No pudieron librarse del contagio ni los caracteres más nobles y puros de aquel tiempo, tales como Coligny, Conde, el canciller Olivier y otros.
Se comprenderá, pues, que el duque de Guisa, lejos de despreciar al príncipe de Condé por su inconcebible descaro, le admiró. Pero al mismo tiempo se dijo a sí mismo que no le envidiaba sus dotes de fingimiento, y para demostrarlo, dio un paso al frente, se quitó muy despacio un guante, y lo arrojó al lado del príncipe.
Hubo un momento de sorpresa, porque al pronto se creyó que iba a recoger la insolente provocación del príncipe.

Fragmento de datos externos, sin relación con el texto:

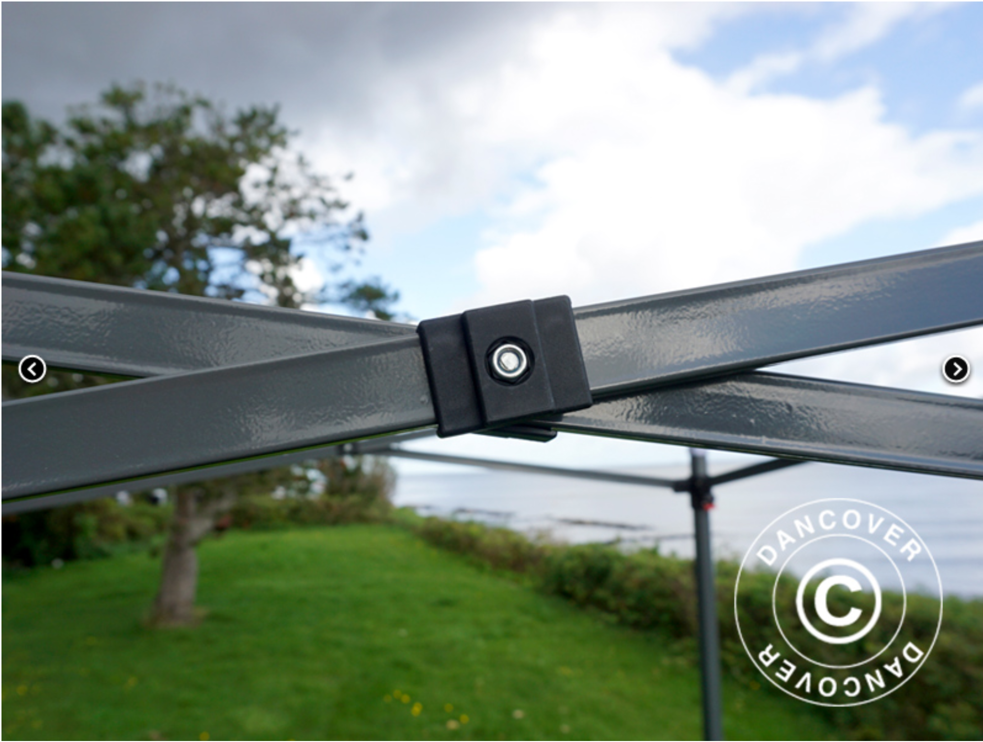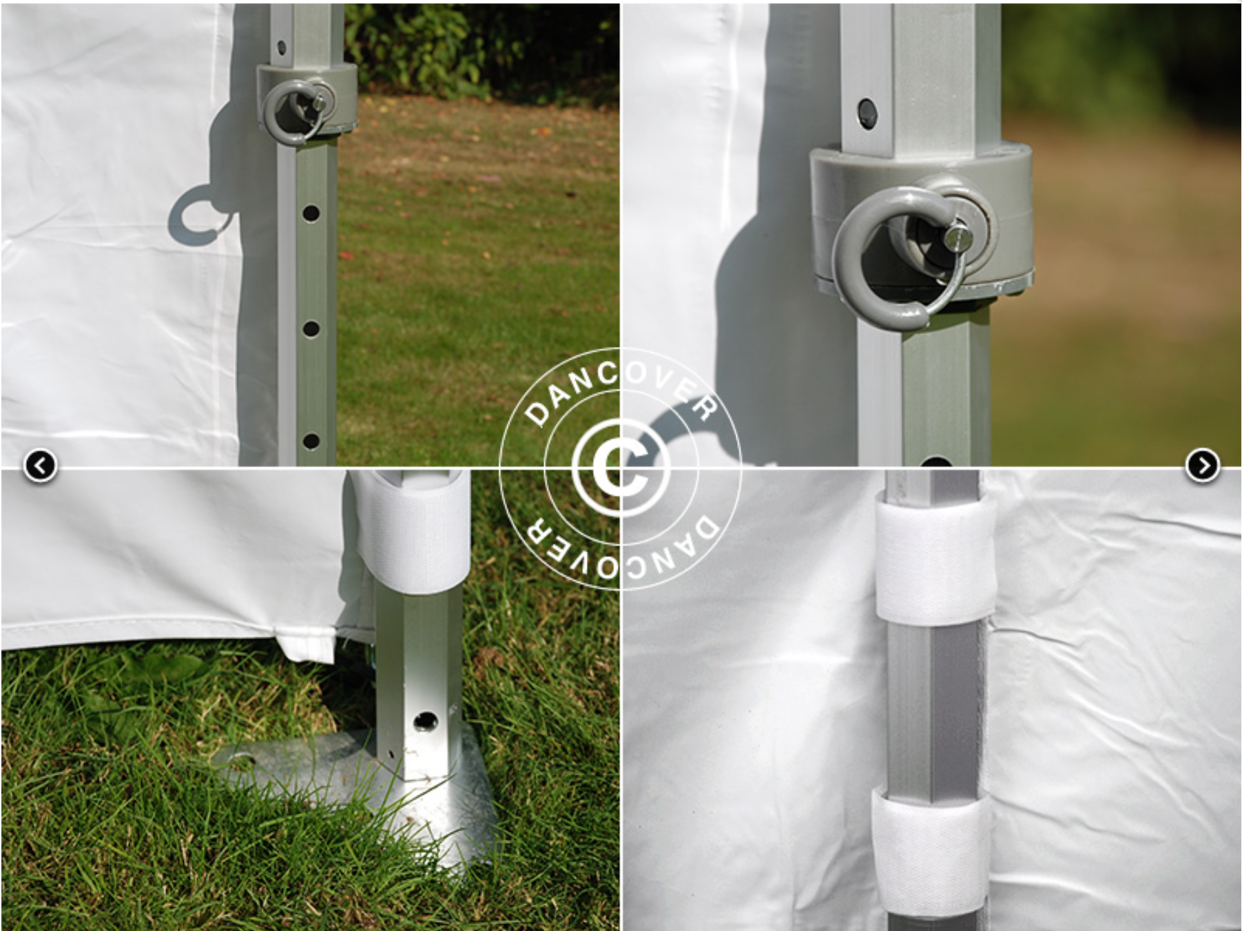 Den starka stålställningen är tillverkad av tunga sexkantiga rör för maximal styrka och hållbarhet. De stora fotplattorna ger stabil och solid förankring vid installation. FleXtents höjd är justerbar med 3 olika positioner, så det passar exakt efter dina behov. Skyddet är tillverkat av stark polyester av hög kvalitet med en kraftig PVC-baksida. Det är vattentätt, UV-resistent, smutsavvisande och tvättbart! Sidoväggarna sitter fast i varandra med dragkedja och är fixerade vid ramen med starka kardborrband.
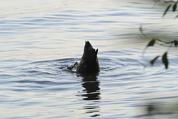 Northern mallard (Anas platyrhynchos) with blue-green algae
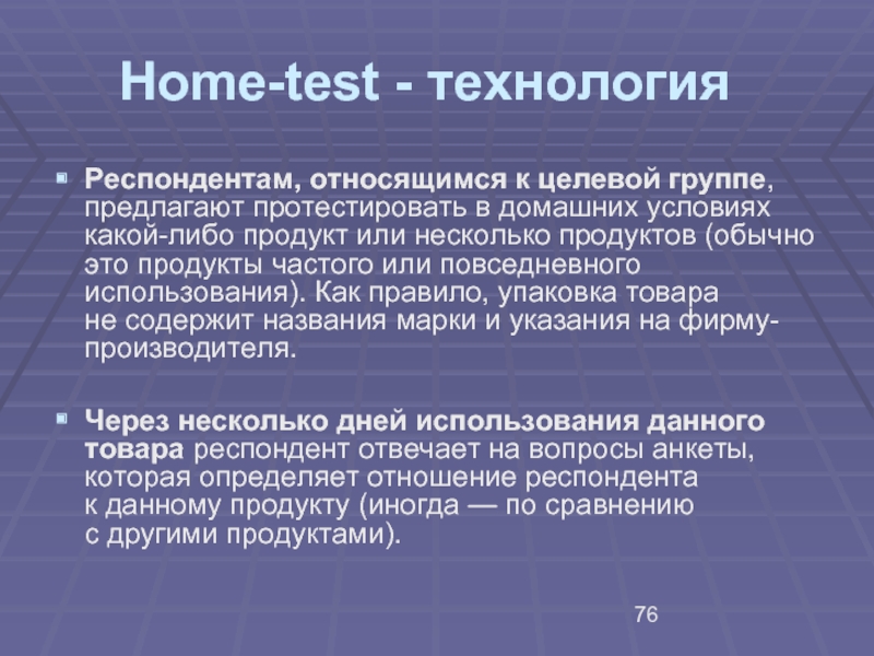 Преимуществом home-теста является то, что тестирование товаров происходит в тех же условиях, в которых они используются обычно.
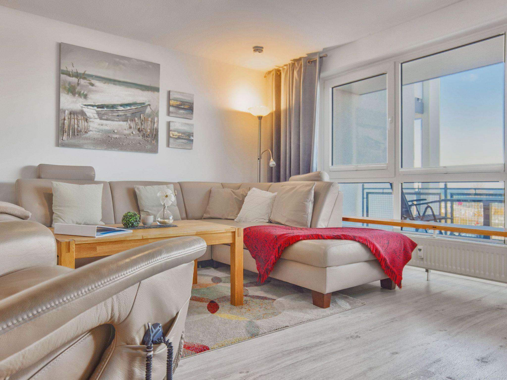 Moderne Ferienwohnung mit Meerblick und Balkon in Heiligenhafen, nur wenige Schritte vom Strand entfernt.
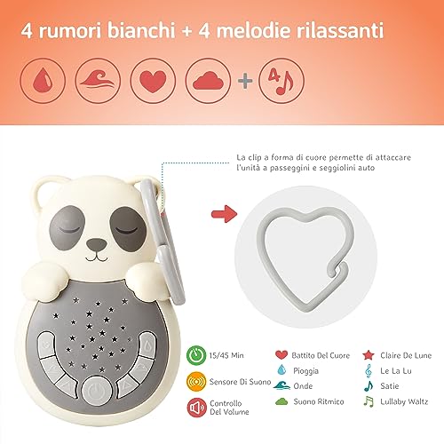 Cloud b con suono e luce calmante da viaggio | 4 rumori bianchi e 4 ninna nanne | Sensore intelligente di risveglio | Sweet Dreamz Panda
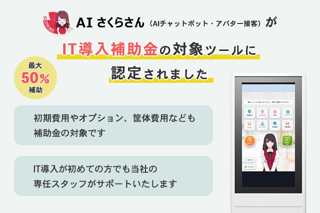 これにより、AIさくらさんの導入・運用にかかる費用のうち、最大で50%(150万円まで)の補助を受けることが可能となり、「AI導入に興味はあるが費用面がハードルとなっている」と考える事業者に対して、導入・活用していただきやすい環境が整いました。

Con voz fuerte, decidida, casi de convencimiento, dijo:
—Yo apruebo y sostengo las palabras del príncipe de Condé, y como tengo el honor de ser pariente suyo, me honra tanto ser su servidor, que me ofrezco a secundarle y a batirme contra quien se presente, ayudándole de este modo en tan justa defensa.
El Acuchillado paseaba altivo su mirada sobre los que le rodeaban.
El príncipe de Condé no pudo menos de bajar los ojos; se sentía vencido, derrotado, más completamente que si lo hubiera sido en campo abierto.
—¿No hay quien levante el guante del príncipe de Condé ni el mío? —preguntó el duque de Guisa.
Nadie se movió.
—Primo —dijo Francisco II sonriendo melancólicamente—; me parece que habéis quedado, según deseabais, limpio de toda sospecha de felonía.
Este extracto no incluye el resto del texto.